■ Recorded data:
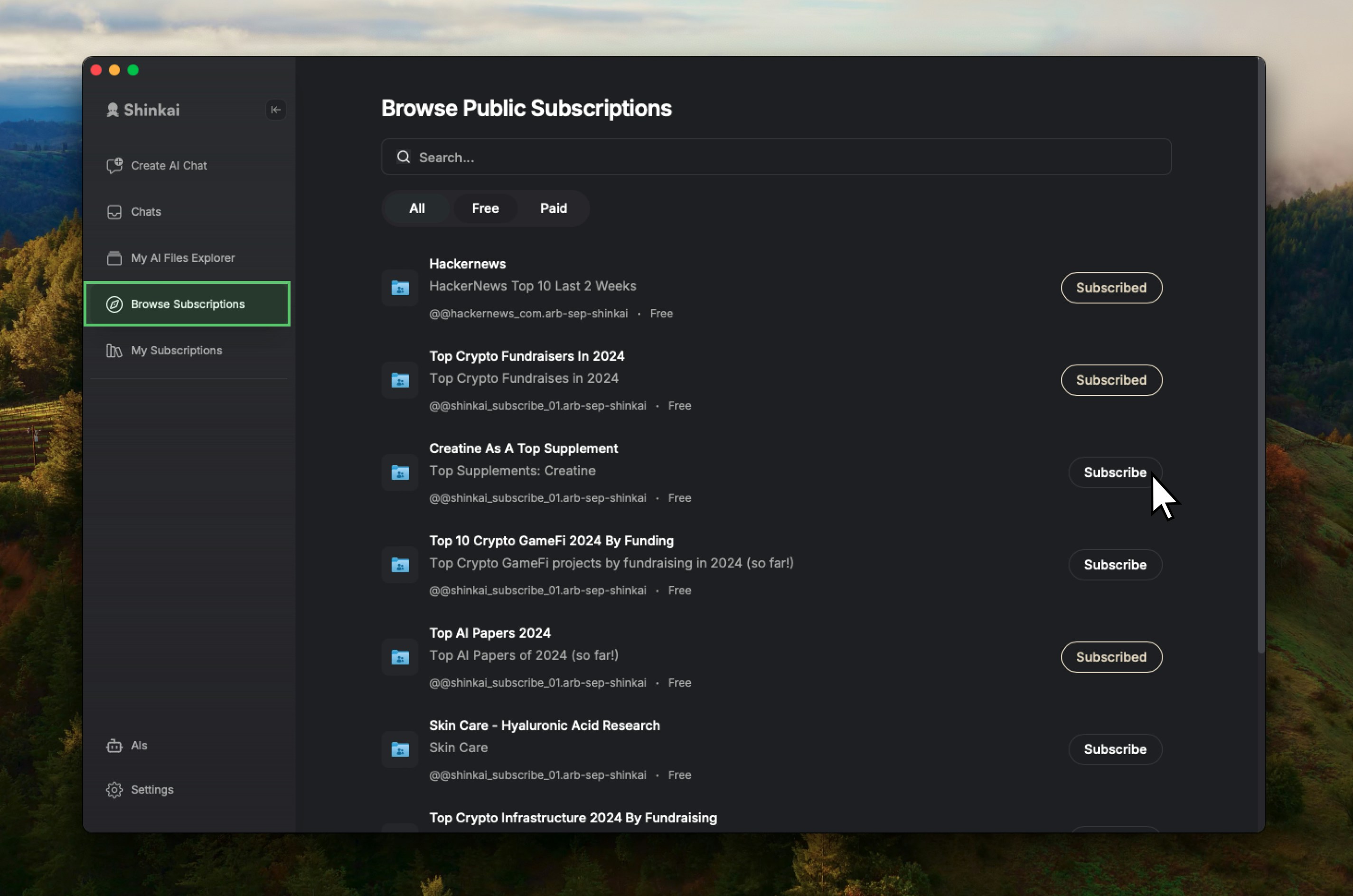 TheBrowse Subscriptions feature in Shinkai allows users to subscribe to up-to-date content from various sources across the decentralized Shinkai Network.
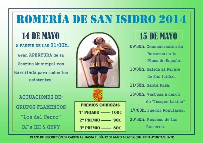 El 15 de mayo serán las actividades de la propia romería,. A las 9:30 empieza la jornada con concentración de romeros en la Plaza de España y salida al Paraje de San Isidro.
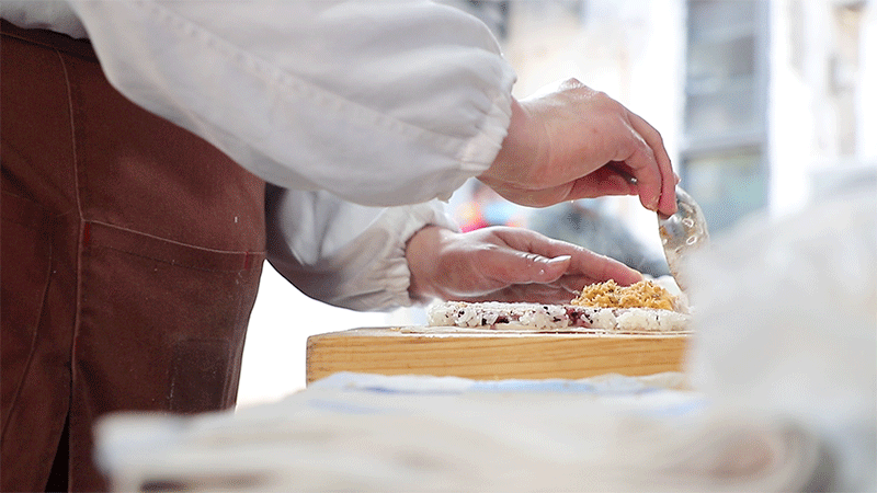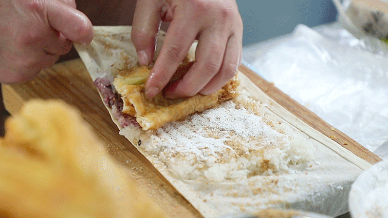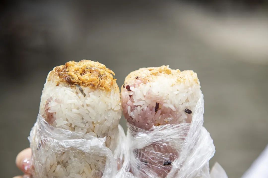 与先有甜粽后有咸肉粽一样,咸口糯米包油条也是后来才有的。白糖、黄豆粉这些配角被换成了海苔或肉松,肉松本就和软乎乎的糯米十分相配,再裹上一张海苔,鲜味儿也来锦上添花了。
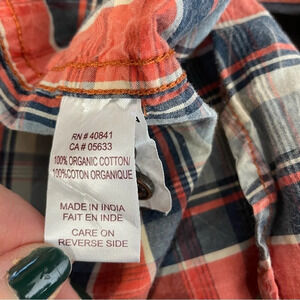 Ecoths men’s orange plaid button up shirt short sleeve
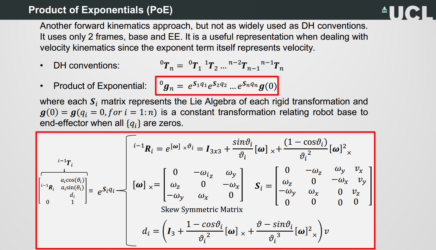 - 运动链视为一系列刚体运动的“指数”相乘:将机器人从基座到末端的整体变换,表示为各个关节运动(以指数形式表示)的乘积。
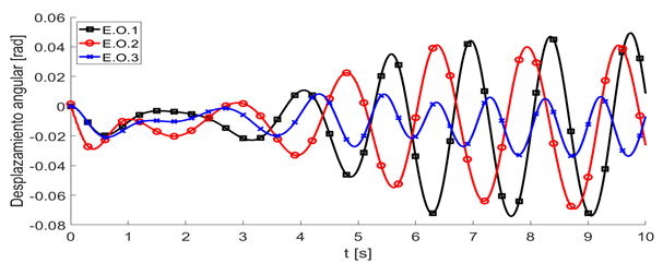 La respuesta del dispositivo, al impacto de las Olas sobre la boya, se ve reflejado en el desplazamiento angular (θ) del brazo del WEC con respecto al punto pivote. Durante las simulaciones se ha registrado a través del tiempo este desplazamiento (figura 8), partiendo desde el punto de flotabilidad estable se presenta la oscilación del brazo para cada prueba durante los 10 s simulados.
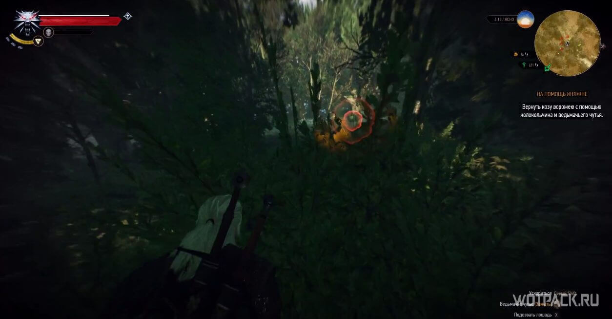 Как только закончите разговор, воспользуйтесь ведьмачьим чутьем и заметите на земле следы животного. Следуйте по ним вглубь леса, но остерегайтесь врагов: по пути встретите 4 волков. После убийства хищников начнете слышать звуки, которые издает коза.
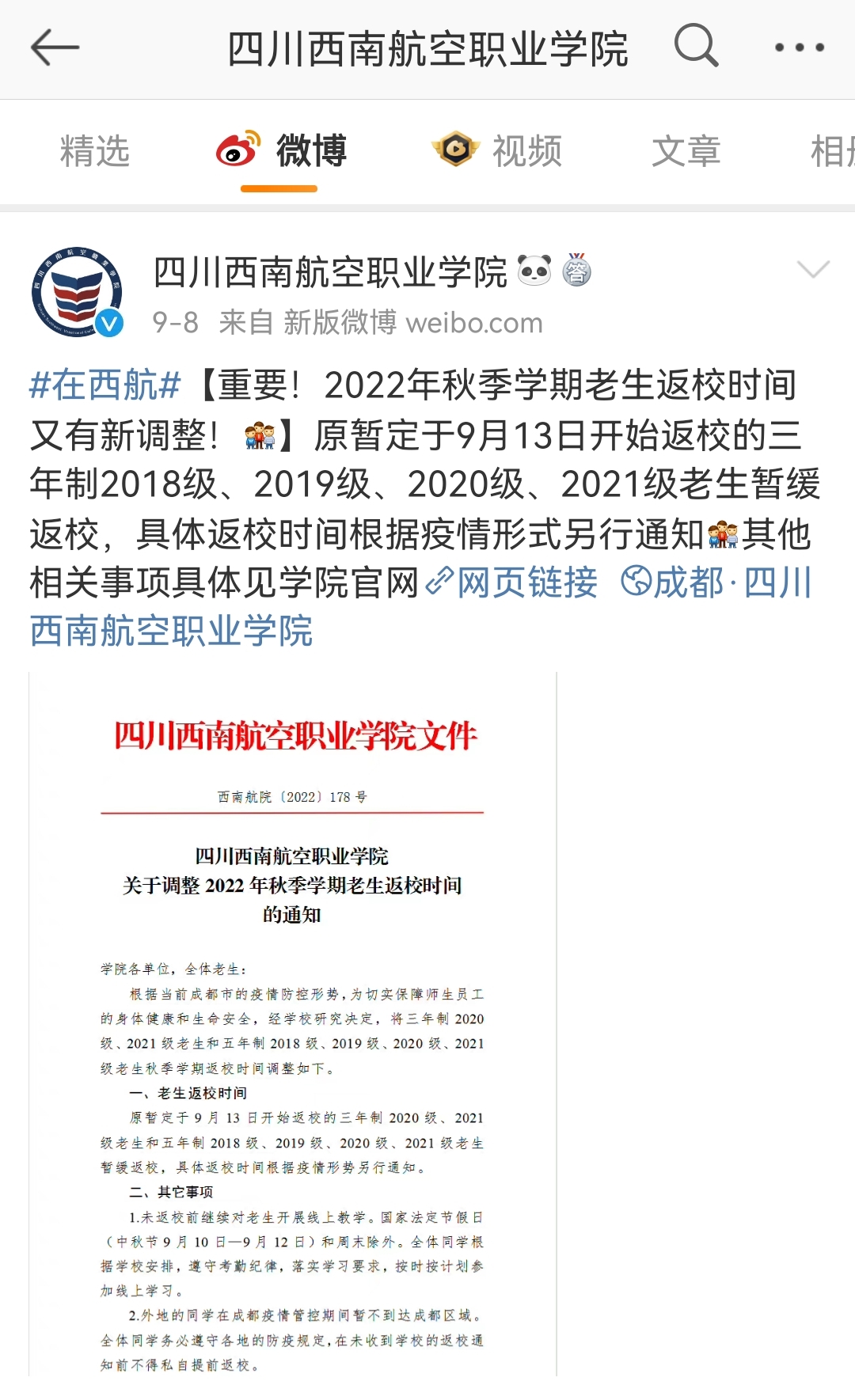 四川西南航空职业学院:整体部署高效落实全面守护

■ The task: Starting at the line containing "Ecoths men’s orange" and finishing at the line containing "- 运动链视为一系列刚体运动", return those lines exactly as they appear above, without the pictures.

■ Answer below:
 Ecoths men’s orange plaid button up shirt short sleeve
 - 运动链视为一系列刚体运动的“指数”相乘:将机器人从基座到末端的整体变换,表示为各个关节运动(以指数形式表示)的乘积。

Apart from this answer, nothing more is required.